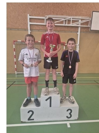
CM2 - Garçons
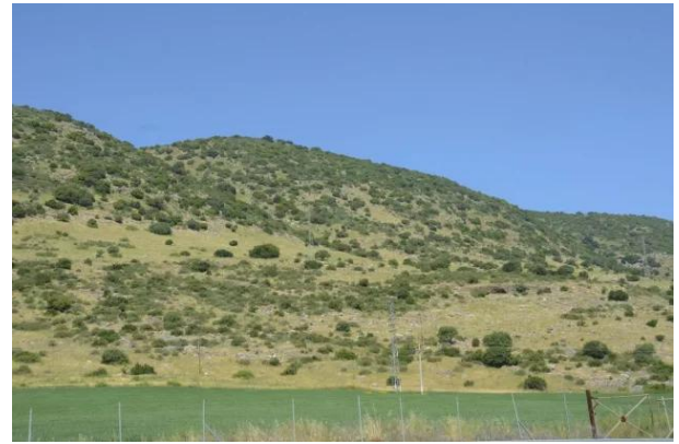
النبي يوشع: موقع القرية
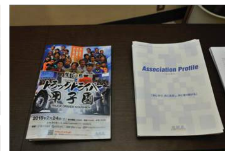
協賛企業様パンフレットを、 手提げ袋に導入して、 サンプリングいたします。
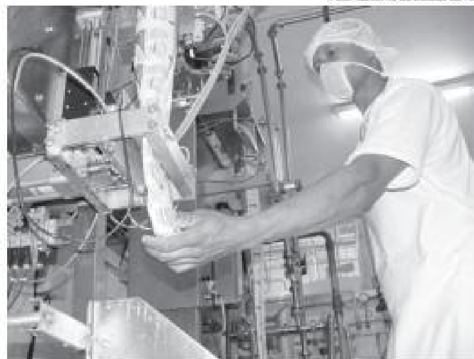
Estado se destaca pela liberdade para empreender

___

**Problem details:** Exactly reproduce the lines beginning at the one that contains "النبي يوشع: موقع القرية" and ending at the final line of the material, with the pictures left out.

**Solution to this problem:**
النبي يوشع: موقع القرية
協賛企業様パンフレットを、 手提げ袋に導入して、 サンプリングいたします。
Estado se destaca pela liberdade para empreender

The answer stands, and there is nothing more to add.